*** Opening RECORDS FOR PROCESSING ***
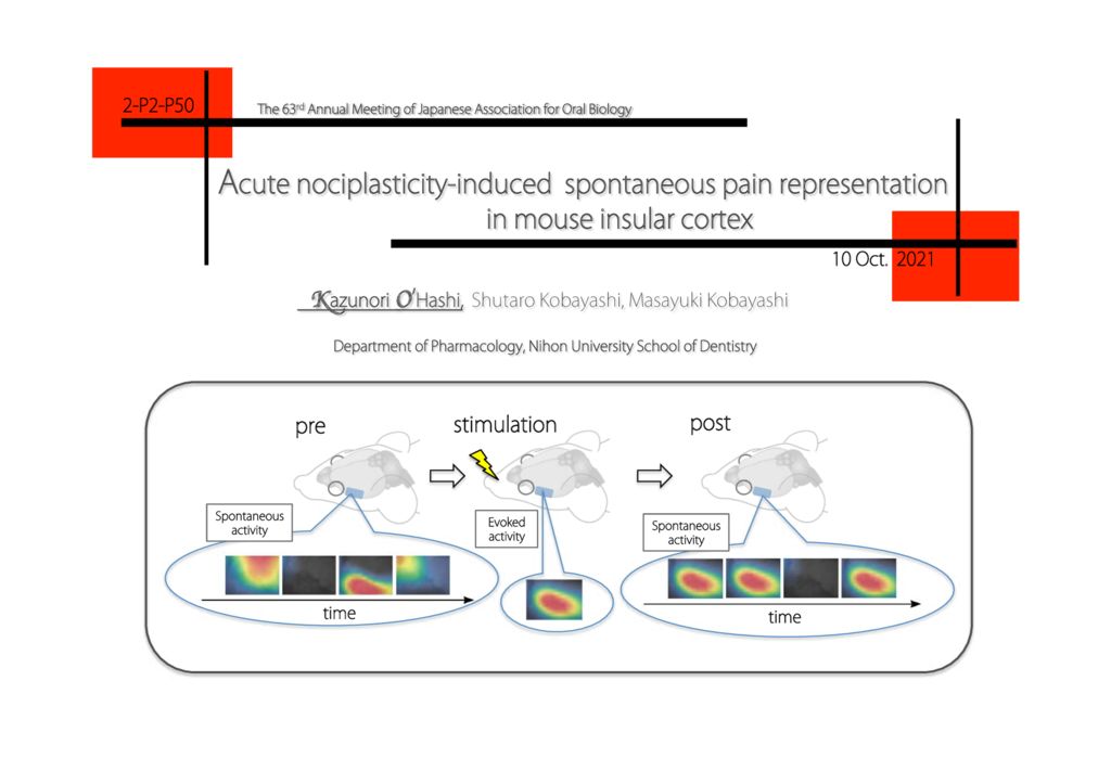 Abstract: 大脳皮質の神経細胞集団は特定のタスクや外部刺激がなくとも、機能コラムや脳領野といった特定の情報を処理する機能構造を再現した同期活動を恒常的に出現させており、この秩序構造を持った脳内活動は自発活動と呼ばれている。近年、客観的診断が困難な慢性痛患者の自発活動は健常者と異なることが機能的脳画像法により明らかとなり、痛みという主観的な感覚を脳の自発活動によって評価する方法が確立されつつある。一般的には、繰返される急性痛が慢性痛へ転化するといわれているが、慢性痛へ移行した時点において自発活動が変調しているのであれば、急性痛自体も自発活動を修飾している可能性がある。そこで、本研究では慢性痛に伴う自発活動の変化が確認されている島皮質に着目し、歯根膜電気刺激が島皮質自発活動にどのような影響を与えるのかについて,GCaMP6sマウスにカルシウムイメージング法を適用して検討した。 その結果、自発活動中に出現する侵害情報表現、つまり、歯根膜刺激によって賦活される島皮質内の脳領域が,歯根膜刺激を与えない状態においても有意に賦活化されることが明らかとなった。また興奮性ニューロンの自発神経発火活動を二光子顕微鏡で観察したところ、ニューロンの活動性と同期性が歯根膜刺激後に増強されることが確認された。すなわち、マクロレベルで同定された歯根膜刺激による島皮質における応答領域に存在するニューロンが自発的に活性化されることを明らかにすることが出来た。これらの結果は、侵害刺激自体が惹起する疼痛に関わる神経回路の可塑的変化には、自発活動による回路の可塑的変化が含まれることを示唆しており、自発活動の増加が急性痛から慢性痛へと転化する機構に貢献している可能性を示している。
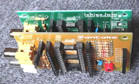 で、その中で更に試食してみたい、名前も美味しそうな「IchigoJam&PanCake」と「MachiKania」の2種類のボードを見つけました。 何れも嬉しい事にBASICが走る、超小型のワンボードマイコンですが、IchigoJam(写真1)は教育用のマイコンとして既に定番になっているようで、当方が知らなかっただけで、PanCake(写真2)はIchigoJamと写真3のように合体させて使用する、サウンドグラフィックボードです。
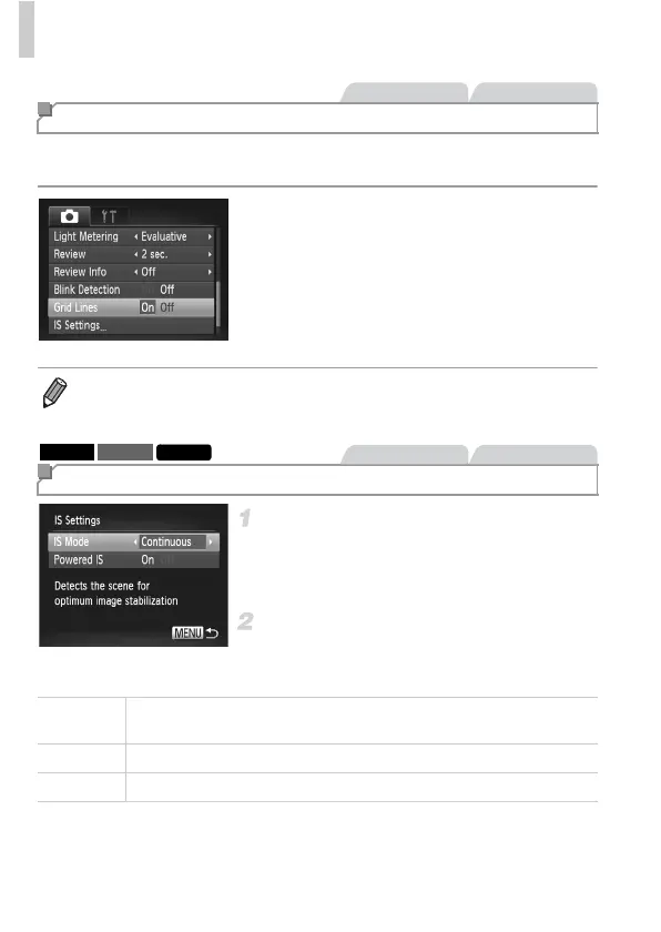 Shoot Only* Image stabilization is active only at the moment of shooting.
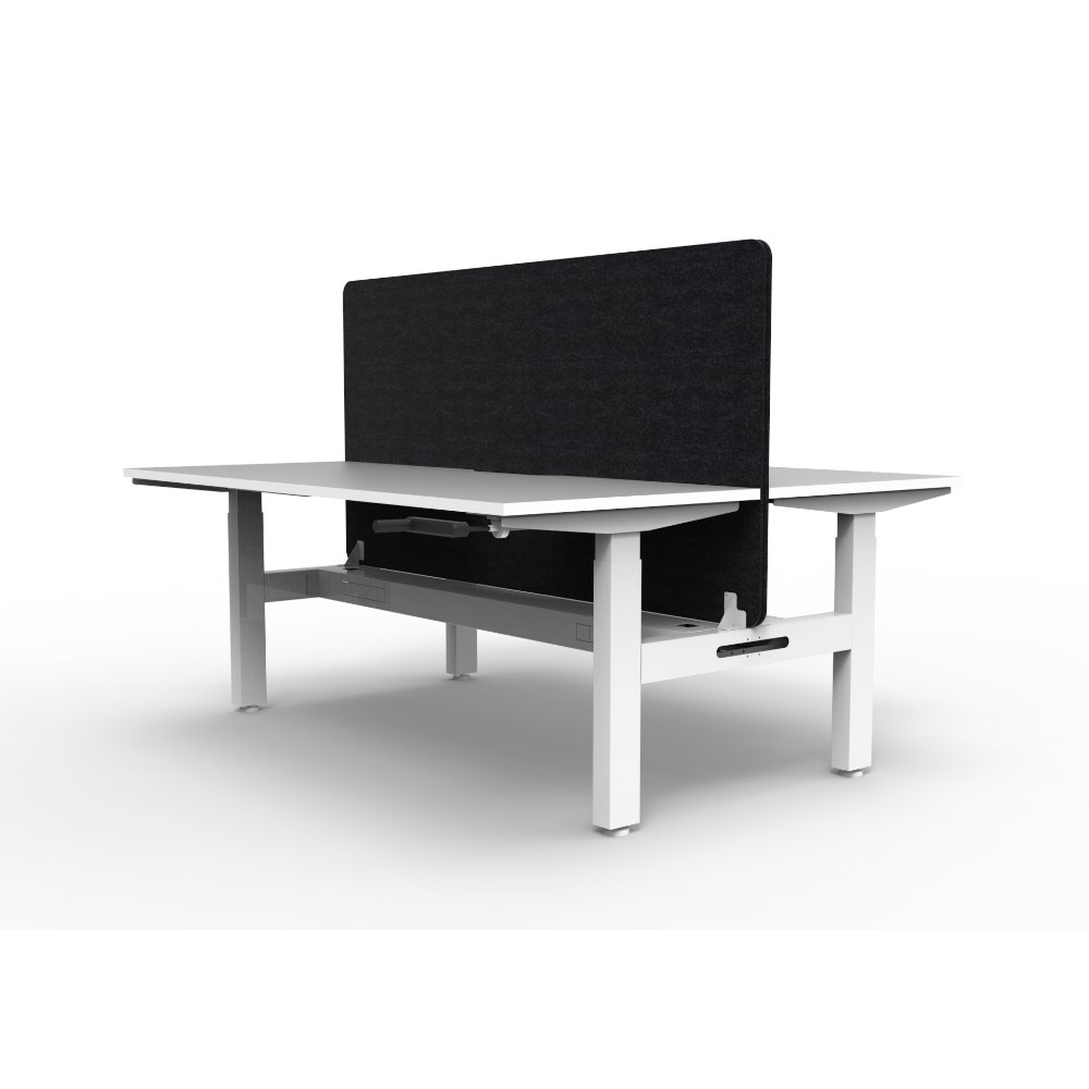 • Manual crank height adjustable 2 person back to back workstation with Natural White top and White Satin frame, Black Eco screen and cable tray.
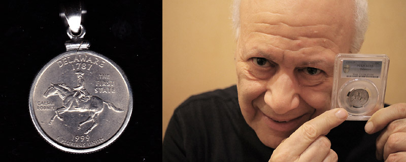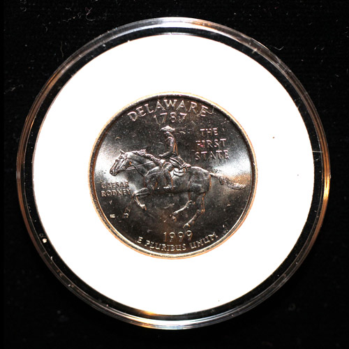 Caesar Rodney rode on horseback for 80 miles one stormy night to arrive just in time to cast the deciding vote and add his signature to the Declaration of Independence. His was the Deciding Vote. If not for his ride, there would be no United States today. Besides the historical significance of this coin, the one I founvd defied the odds by billions to one.
*** Closing RECORDS FOR PROCESSING ***
▶ YOUR GOAL
Transcribe all the records above word for word, without their images.

▶ SOLVED PROBLEM
 Abstract: 大脳皮質の神経細胞集団は特定のタスクや外部刺激がなくとも、機能コラムや脳領野といった特定の情報を処理する機能構造を再現した同期活動を恒常的に出現させており、この秩序構造を持った脳内活動は自発活動と呼ばれている。近年、客観的診断が困難な慢性痛患者の自発活動は健常者と異なることが機能的脳画像法により明らかとなり、痛みという主観的な感覚を脳の自発活動によって評価する方法が確立されつつある。一般的には、繰返される急性痛が慢性痛へ転化するといわれているが、慢性痛へ移行した時点において自発活動が変調しているのであれば、急性痛自体も自発活動を修飾している可能性がある。そこで、本研究では慢性痛に伴う自発活動の変化が確認されている島皮質に着目し、歯根膜電気刺激が島皮質自発活動にどのような影響を与えるのかについて,GCaMP6sマウスにカルシウムイメージング法を適用して検討した。 その結果、自発活動中に出現する侵害情報表現、つまり、歯根膜刺激によって賦活される島皮質内の脳領域が,歯根膜刺激を与えない状態においても有意に賦活化されることが明らかとなった。また興奮性ニューロンの自発神経発火活動を二光子顕微鏡で観察したところ、ニューロンの活動性と同期性が歯根膜刺激後に増強されることが確認された。すなわち、マクロレベルで同定された歯根膜刺激による島皮質における応答領域に存在するニューロンが自発的に活性化されることを明らかにすることが出来た。これらの結果は、侵害刺激自体が惹起する疼痛に関わる神経回路の可塑的変化には、自発活動による回路の可塑的変化が含まれることを示唆しており、自発活動の増加が急性痛から慢性痛へと転化する機構に貢献している可能性を示している。
 で、その中で更に試食してみたい、名前も美味しそうな「IchigoJam&PanCake」と「MachiKania」の2種類のボードを見つけました。 何れも嬉しい事にBASICが走る、超小型のワンボードマイコンですが、IchigoJam(写真1)は教育用のマイコンとして既に定番になっているようで、当方が知らなかっただけで、PanCake(写真2)はIchigoJamと写真3のように合体させて使用する、サウンドグラフィックボードです。
 Shoot Only* Image stabilization is active only at the moment of shooting.
 • Manual crank height adjustable 2 person back to back workstation with Natural White top and White Satin frame, Black Eco screen and cable tray.
 Caesar Rodney rode on horseback for 80 miles one stormy night to arrive just in time to cast the deciding vote and add his signature to the Declaration of Independence. His was the Deciding Vote. If not for his ride, there would be no United States today. Besides the historical significance of this coin, the one I founvd defied the odds by billions to one.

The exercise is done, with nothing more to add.